[Opening Source material section]
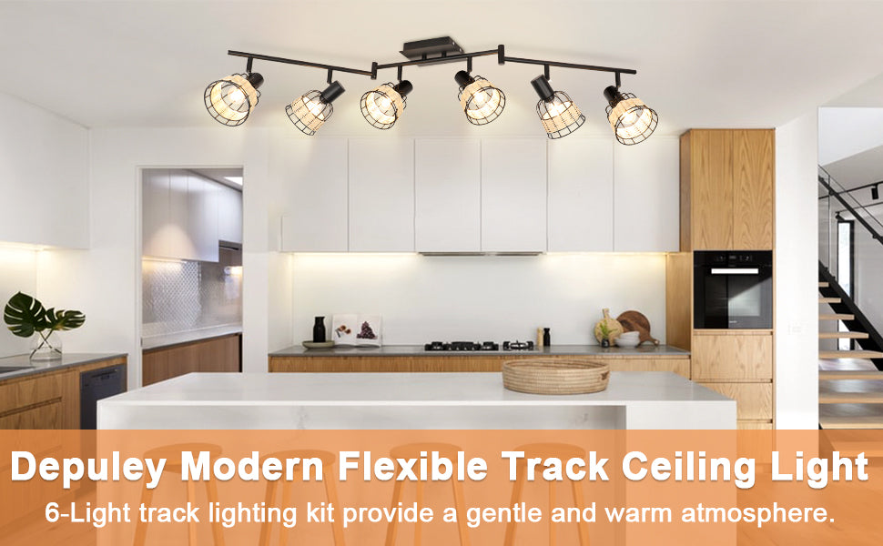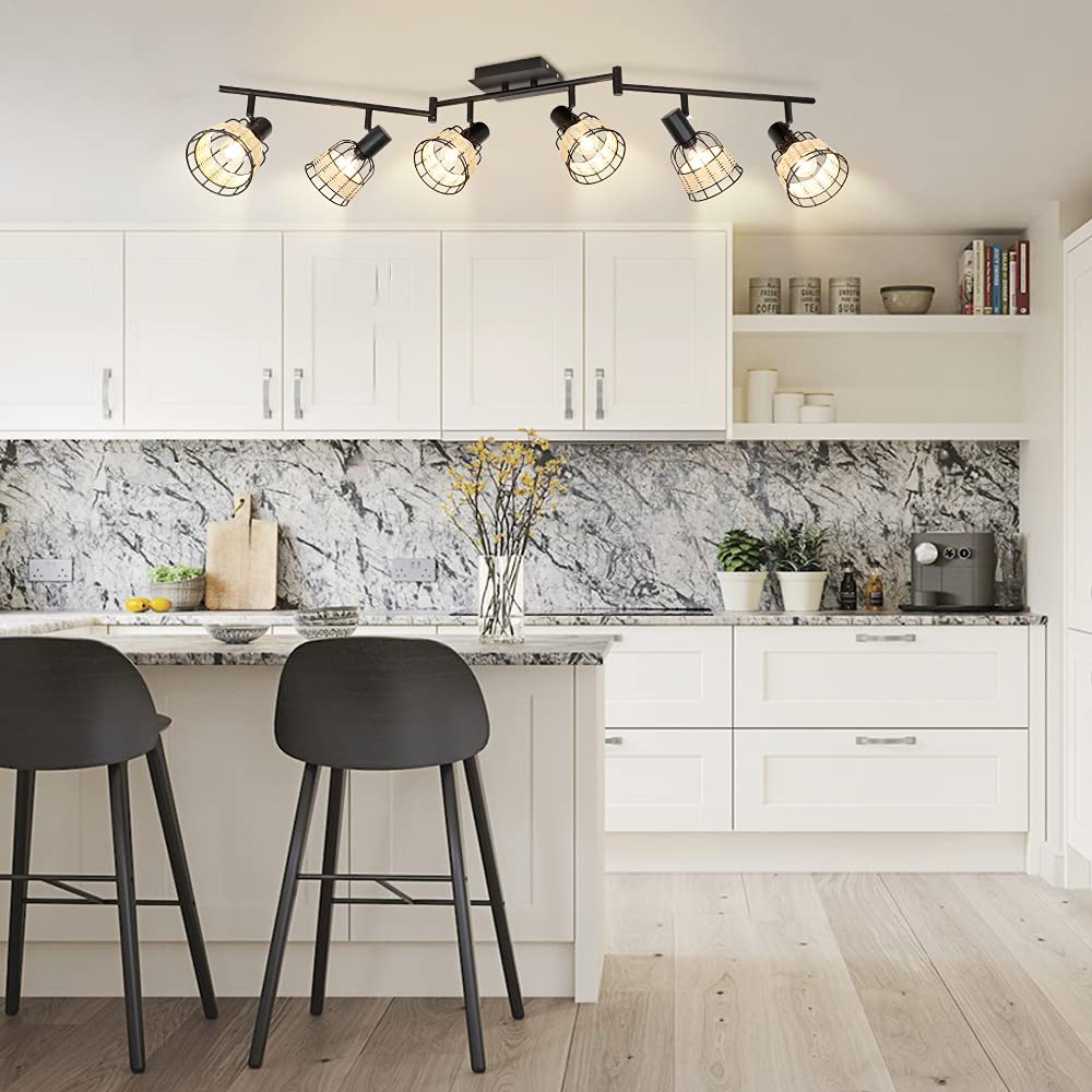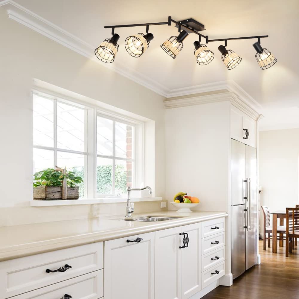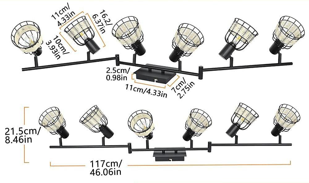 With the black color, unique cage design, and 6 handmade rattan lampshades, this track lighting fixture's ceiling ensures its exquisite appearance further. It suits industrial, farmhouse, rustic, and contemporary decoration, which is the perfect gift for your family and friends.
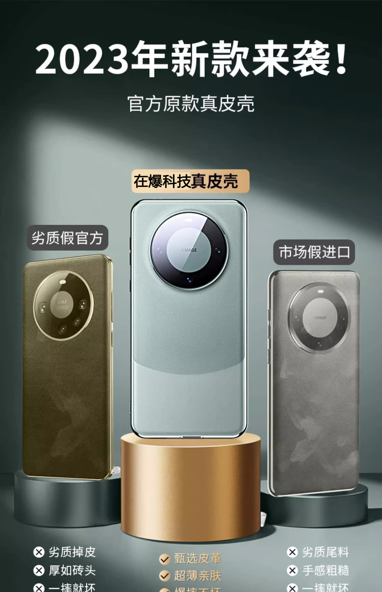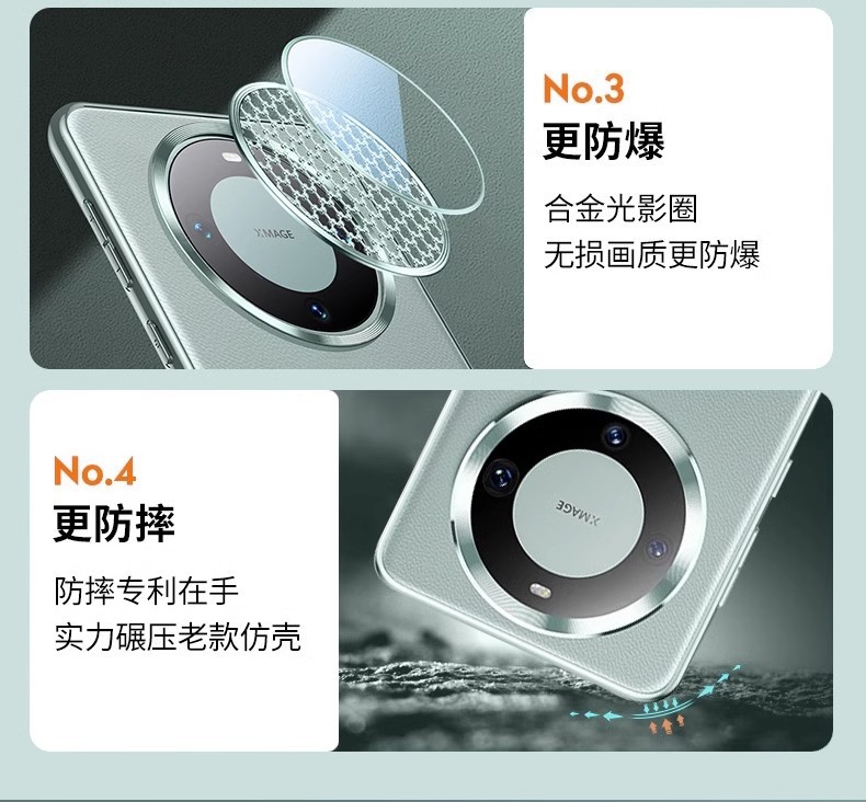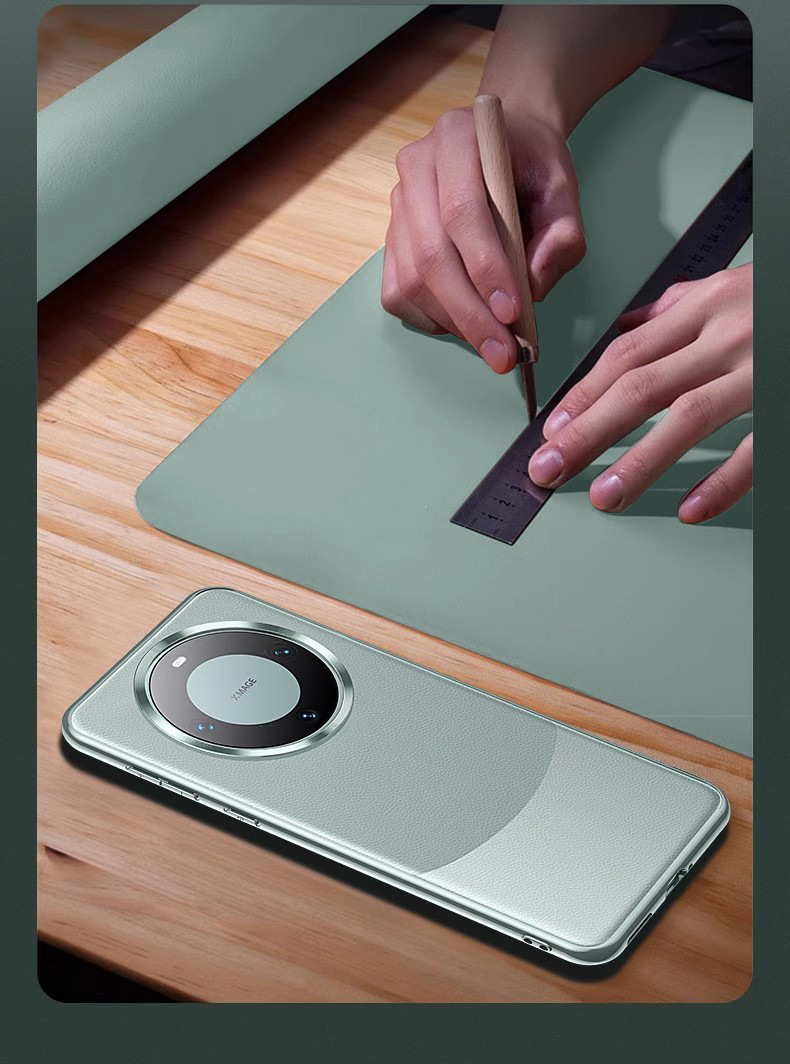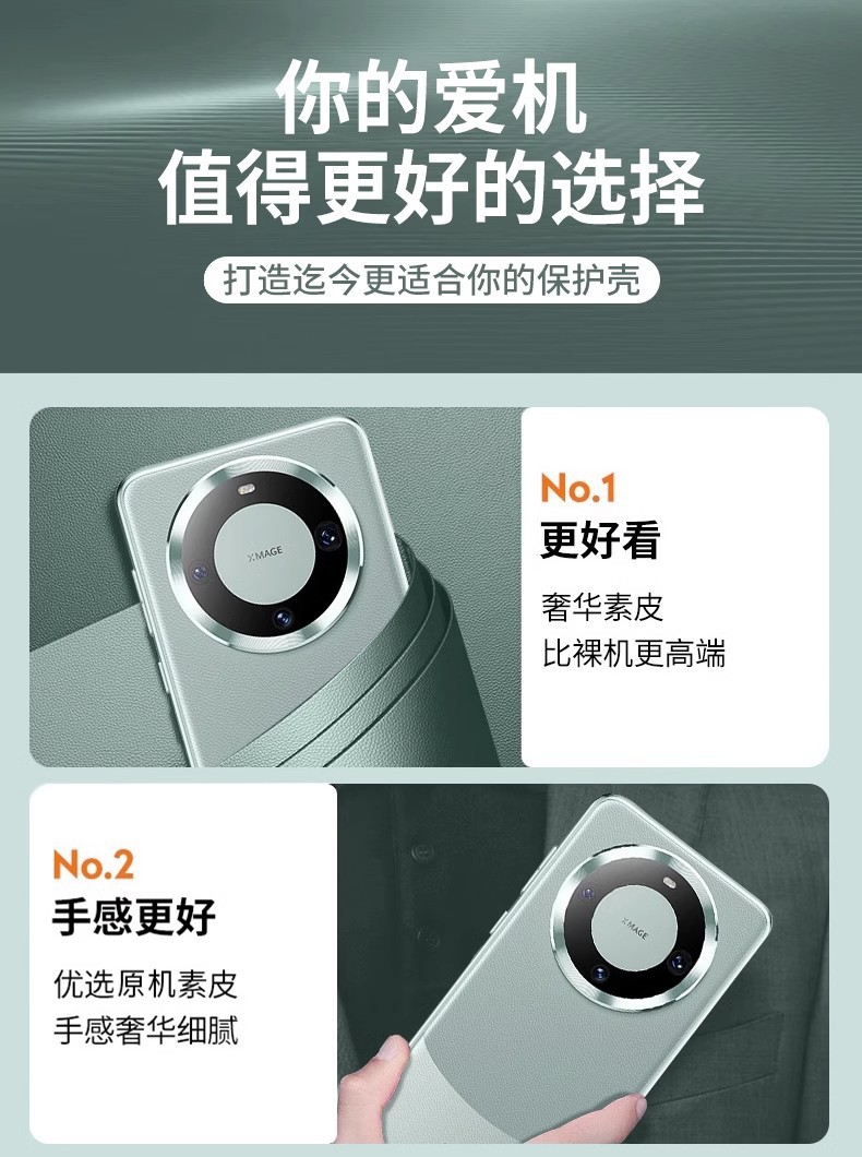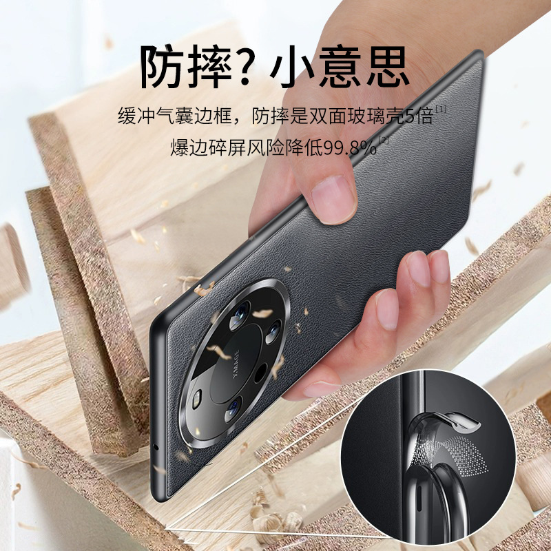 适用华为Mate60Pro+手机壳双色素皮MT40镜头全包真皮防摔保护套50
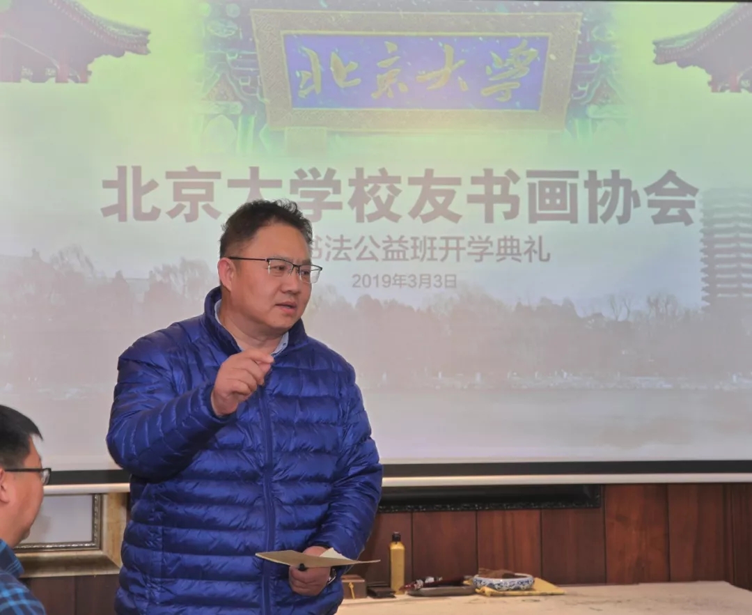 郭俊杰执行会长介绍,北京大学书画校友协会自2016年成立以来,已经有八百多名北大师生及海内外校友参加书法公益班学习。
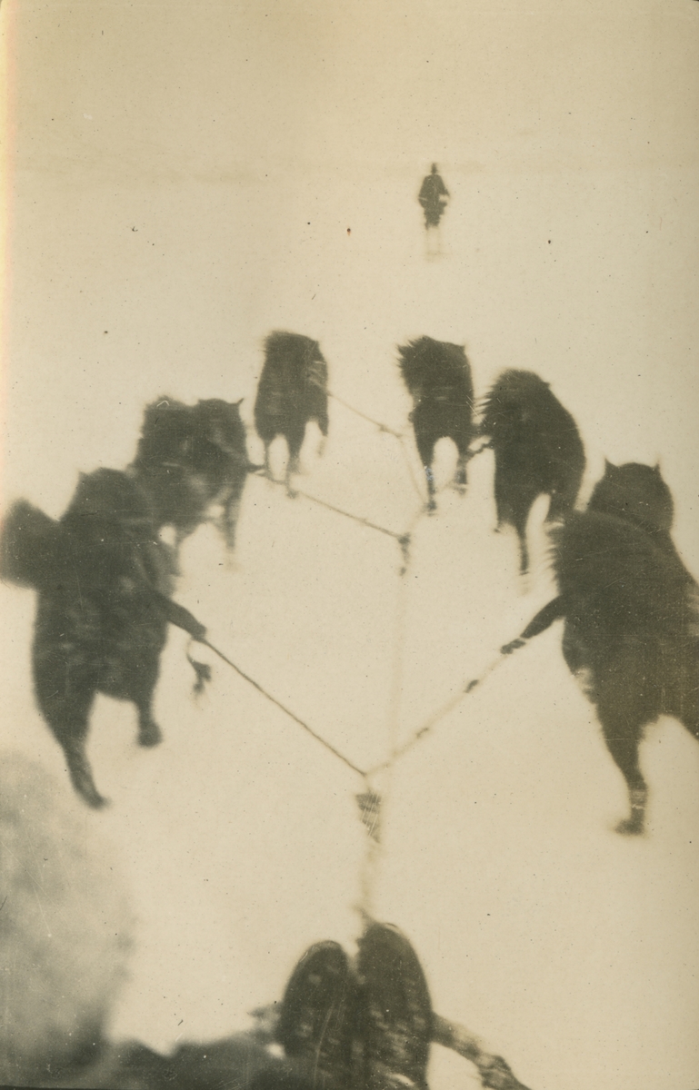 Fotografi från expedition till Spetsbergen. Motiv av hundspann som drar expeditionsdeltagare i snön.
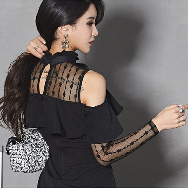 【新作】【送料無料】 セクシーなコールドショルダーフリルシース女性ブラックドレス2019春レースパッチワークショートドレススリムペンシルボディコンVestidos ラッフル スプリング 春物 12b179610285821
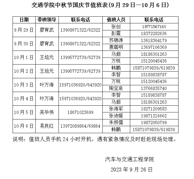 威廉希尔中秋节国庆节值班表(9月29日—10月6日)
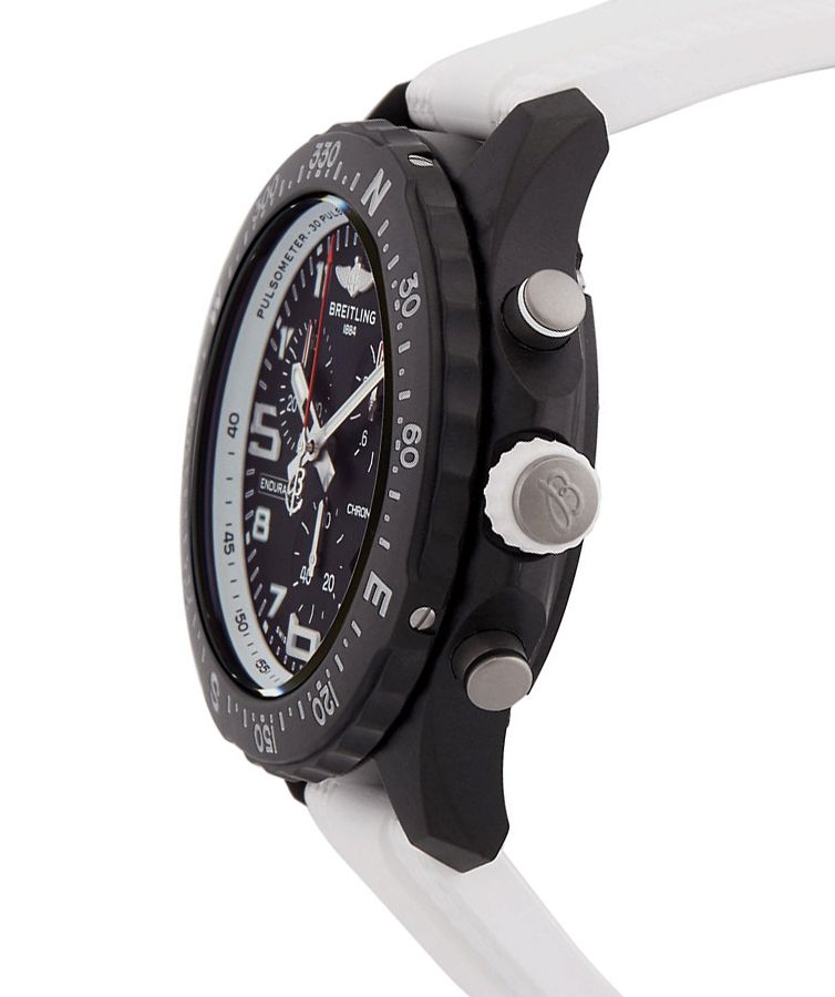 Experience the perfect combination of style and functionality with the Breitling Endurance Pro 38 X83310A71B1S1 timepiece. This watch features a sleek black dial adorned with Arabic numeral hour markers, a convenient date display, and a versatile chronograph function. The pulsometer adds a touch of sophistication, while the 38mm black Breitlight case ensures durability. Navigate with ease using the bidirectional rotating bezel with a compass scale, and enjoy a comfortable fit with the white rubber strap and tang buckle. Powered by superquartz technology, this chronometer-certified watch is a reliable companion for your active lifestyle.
[Closing Source material section]
## Your task
What are the lines above from the one with "Fotografi från expedition" to the one with "威廉希尔中秋节国庆节值班表(9月29日—10月6日)", both included? Reproduce them exactly, without pictures.

## Exercise output
 Fotografi från expedition till Spetsbergen. Motiv av hundspann som drar expeditionsdeltagare i snön.
 【新作】【送料無料】 セクシーなコールドショルダーフリルシース女性ブラックドレス2019春レースパッチワークショートドレススリムペンシルボディコンVestidos ラッフル スプリング 春物 12b179610285821
 威廉希尔中秋节国庆节值班表(9月29日—10月6日)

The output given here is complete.